Zimbabwean cricketer (born 1997)

Brad Evans (born 24 March 1997) is a Zimbabwean cricketer.

==Early life and career==
Evans is the son of former Zimbabwean Test cricketer Craig Evans. He started his own cricket career as an opening batter, but transitioned to a fast bowler as a teenager.

Evans attended St. John's College in Harare, but left the school one year before graduating to accept a sports scholarship at Cardiff University. He made his first-class cricket debut on 1 April 2018 for Cardiff South Wales MCC University, a team that represents several universities in Wales, as part of the 2018 Marylebone Cricket Club University Matches, and was able to play cricket for Sussex County Cricket Club's second team while still in school. After graduating, his visa changed and he was no longer eligible to do so. Rather than wait until he could obtain a British passport to advance his cricket career in the United Kingdom, he decided to return to Zimbabwe and play cricket there.

Croes began playing top-level domestic cricket in Zimbabwe for the Eagles in the 2020–21 season, playing for the Eagles in the first-class Logan Cup and making his List A and Twenty20 debuts in the Pro50 Championship and Domestic Twenty20 Competition respectively.

==International career==
Evans was named as a standby player in Zimbabwe's squad for their Twenty20 International series against Pakistan, but he did not play in the series. He made his international debut for Zimbabwe in their five-match home series against Namibia in May 2022, playing in the third match of the series, which Zimbabwe lost. Evans later described this series loss as "rock bottom" for Zimbabwe.

In the following months, Evans was part of a revival for Zimbabwe's cricket fortunes, playing in their series win against Bangladesh and following series against India in August, and then in their away series against Australia in September. His One Day International debut came against Bangladesh on 7 August, then just two weeks later on 22 August, he took his maiden five-wicket haul with bowling figures of 5/54 against India. He also contributed with the bat as part of a 104-run partnership with Sikandar Raza during Zimbabwe's chase, with Zimbabwe falling just 13 runs short of an upset win. On 3 September, he hit the winning runs in their final match against Australia to give Zimbabwe their first ever ODI win in the country. Needing one run for the victory, Evans drove Australian bowler Mitchell Starc to the boundary, but because he had run a single before the ball reached the boundary, he was only awarded a single run by the scorers.

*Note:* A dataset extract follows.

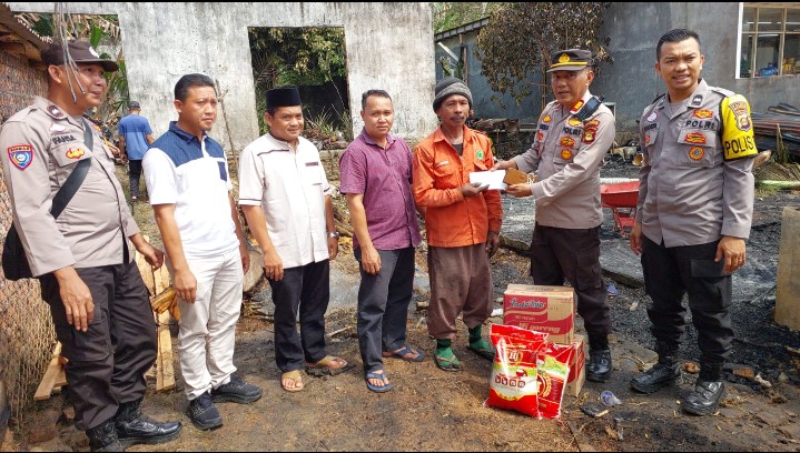 Kapolsek Keluang Akp. Hendra Sutisna, SH, didampingi ketua KPAD Muba Soleman, Mpd,i, Kanit Intelkam, Ipda Dian Saputra, S. Psi, Kanit Binmas Aipda Harinata Utama, SH, Kanit Propam Aiptu Hadi Kurniawan, beserta Bhabinkamtibmas Aipda Fansa Sahlan, menyambangi korban musibah kebakaran rumah di kelurahan Keluang, Kecamatan Keluang.

In October 2022, Evans was part of Zimbabwe's squad for the 2022 Men's T20 World Cup in Australia, where he played an important role in Zimbabwe's dramatic upset win over Pakistan. Evans bowled the final over of the match with Pakistan needing 10 runs to win. He restricted the Pakistan batters to 8 runs and took a wicket to give Zimbabwe the win by a single run.

On 4 February 2023, Evans made his Test debut against the West Indies. Later that year he suffered from a leg injury which ruled him out of the African qualifiers for the 2024 Men's T20 World Cup, where Zimbabwe failed to qualify for the World Cup. He returned to Zimbabwe's Test team for his second Test match against Afghanistan in October 2025, and took a five-wicket haul in Zimbabwe's win. His bowling figures of 5/22 broke Zimbabwe's team record for the least runs conceded in a five-wicket haul. In November 2025 he was part of Zimbabwe's largest-ever Twenty20 win against Sri Lanka, taking bowling figures of 3/9 in the 67-run victory.

During the 2nd ODI against Bangladesh, Evans hit his maiden ODI and international half century, smashing 58 runs off 38 balls.